Worms

Worms is a town with a famous history, The Reformation and all that. St. Peter’s is a somewhat ironic church to visit in the main square. I’ll pretend I care about these things just to set the scene as others might expect. The reason for Hector’s visit to Worms, accompanied by the ever faithful Marg was to surprise a friend who shares his name with that of this fine settlement.

I met Alan Worms on January 7th 1980 on Kibbutz Ashdot Ya’akov (Me’uchad) which is a few kilometres south of Tiberias – uncanny. This was the start of my Kibbutz experience that would continue most summers through the 1980s, and less so in the 1990s when other things came into play. The only constant throughout my visits to Israel was Alan Worms.

Alan was a Texan born Jew who migrated back to the Homeland after the 1967 Six Day War. He had worked on oil rigs in the Red Sea when Israel controlled these waters. He had sampled kibbutz life and stumbled upon Ashdot Ya’akov. This was a very special place.

Alan became a very good friend and spent a fair proportion of his meagre spending money keeping in touch in the days when long distance calls were expensive. My two visits to Ashdot Ya’akov in the 1990s were as his guest.

In 2004 when I realised that it was possible to go by bus from Flughafen Hahn directly to Worms I booked Marg and I there with Heidelberg as the next stop and a night at Frank and Rosi’s in Traben-Trarbach on the way back. This was the latter part of our Easter Vacation having flown up from Roma, Italia. Sometimes it is cheaper not to fly directly back to Scotland.

I never told Alan of my plans. He never found out. Sadly, Alan took ill some weeks before the trip and died in a matter of days. To commemorate the name I sent a batch of postcards to the Kibbutz with the Worms town logo to Orit, the intention being that she could distribute these to those who cared. When I last visited the Kibuutz in 2010 I never did get around to asking. A visit to the grave was sufficient. It was Marg who painstakingly read the birth date and death date on every headstone until we had eliminated all graves but Alan’s.

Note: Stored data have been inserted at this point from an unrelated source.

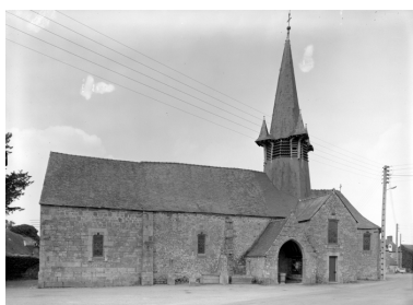
Elévation Sud : vue générale IVR53_19773500416V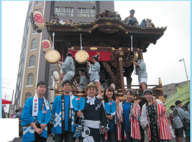
うちわ祭りに参加した石原支店職員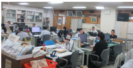
【これまでのレイアウト】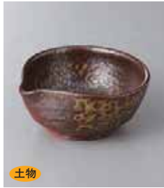
土物 79-4-45G 1,300円 灰吹片口小鉢(手造) 10.5×10×4.8cm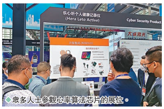
◆眾人參觀心算率算法芯片的展位。

香港文匯報訊（記者 李昌鴻 深圳報導）在此次高交會上，港企衛保數碼展館負責人賀先生表示，公司主要做人體生理傳輸的監測技術，在香港研發的心算率算法芯片，顧客通過佩戴耳機，可以提供高精度的人體數據，包括動態心率、血氧、核心體溫、呼吸率、焦慮、心肺功能、心率恢復率、靜止心率、動態數據以至打鼾鼾聲等。

Worms lies on the West Bank of the Rhein, south of Mainz. The uncanny feature is that the bridge across the river is not dissimilar from that which crosses the Mosel at Traben-Trarbach. Maybe there are more like this across Deutschland, these are what I have encountered.

There is of course a Hausbrauerei on the banks of the Rhein, Hagenbrau. A five litre Tin still adorns the social space at our place of work.